President Emmanuel Macron called France’s snap parliamentary election to “clarify” the political situation. But after the shock second-round results, the waters are more muddied than they have been in decades.

While a surge in support for the left-wing New Popular Front (NFP) coalition foiled Marine Le Pen’s far-right National Rally (RN) party, French politics is now more disordered than it was before the vote.

So, what did we learn last night, who might be France’s next prime minister, and has Macron’s gamble “paid off?”

A shock victory, but not a decisive one

After leading the first round of voting last Sunday, the RN was closer to the gates of power than ever before, and was on the cusp of forming France’s first far-right government since the collaborationist Vichy regime of World War II.

But after a week of political bargaining, in which more than 200 left-wing and centrist candidates withdrew from the second round in a bid to avoid splitting the vote, the NFP – a cluster of several parties from the extreme left to the more moderate – emerged with the most seats in the decisive second round.

The NFP won 182 seats in the National Assembly, making it the largest group in the 577-seat parliament. Macron’s centrist Ensemble alliance, which trailed in a distant third in the first round, mounted a strong recovery to win 163 seats. And the RN and its allies, despite leading the first round, won 143 seats.

Does that mean the NFP “won” the election? Not quite. Although the coalition has the most seats, it fell well short of the 289 seats required for an absolute majority, meaning France now has a hung parliament. If this was a victory for anything, it was the “cordon sanitaire,” the principle that mainstream parties must unite to prevent the extreme right from taking office.

The far right kept at bay, but more potent than ever

It was meant to be a coronation. Crowds of supporters had crammed into election night events at the RN party HQ in Paris and at outposts all over the country, to watch the moment many felt had been decades in the making: Confirmation that their party, and its long-taboo brand of anti-immigrant politics, had won the most seats in the French parliament.

That wasn’t to be. The fervent atmosphere soured as supporters saw the RN had slumped to third place. Jordan Bardella, the 28-year-old leader handpicked by Le Pen to freshen the party’s image and purge it of its racist and antisemitic roots, was dyspeptic. He railed against the “dangerous electoral deals” made between the NFP and Ensemble which had “deprived the French people” of an RN-led government.

“By deciding to deliberately paralyze our institutions, Emmanuel Macron has now pushed the country towards uncertainty and instability,” Bardella said, dismissing the NFP as an “alliance of dishonor.”

Still, the RN’s success should not be underestimated. In the 2017 elections, when Macron swept to power, the RN won just eight seats. In 2022, it surged to 89 seats. In Sunday’s vote, it won 125 – making it the largest individual party. That unity means it will likely remain a potent force in the next parliament, while the solidity of the leftist coalition remains untested.

Will the left remain united?

A month ago, the NFP did not exist. Now, it is the largest bloc in the French parliament and could provide France with its next prime minister. It chose its name in an attempt to resurrect the original Popular Front that blocked the far right from gaining power in 1936. Sunday’s results mean it has done so again.

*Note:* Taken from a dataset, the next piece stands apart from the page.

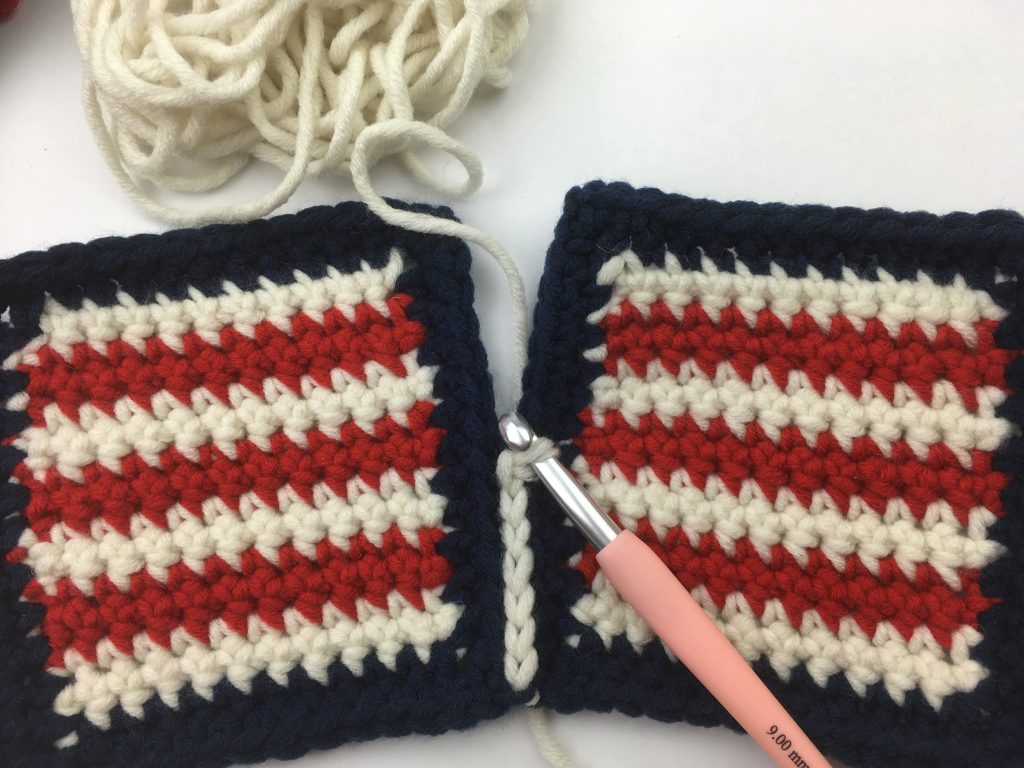 Place the yarn you are using for the join behind the work. Always keep the joining yarn behind the squares. Pick up stitches from the back of each of the two edges, as shown below.

But while it achieved its founding purpose, it is unclear whether this capacious – and potential fractious – coalition will hold. The hastily assembled bloc comprises several parties: the far-left France Unbowed party; the Socialists; the green Ecologists; the center-left Place Publique and others.

This many-headed hydra does not speak with a single voice. Each party celebrated the results at their own campaign events, rather than together. Two of its most prominent figures – Jean-Luc Mélenchon, the populist France Unbowed leader, and Raphael Glucksmann, the more moderate leader of Place Publique – are barely on speaking terms.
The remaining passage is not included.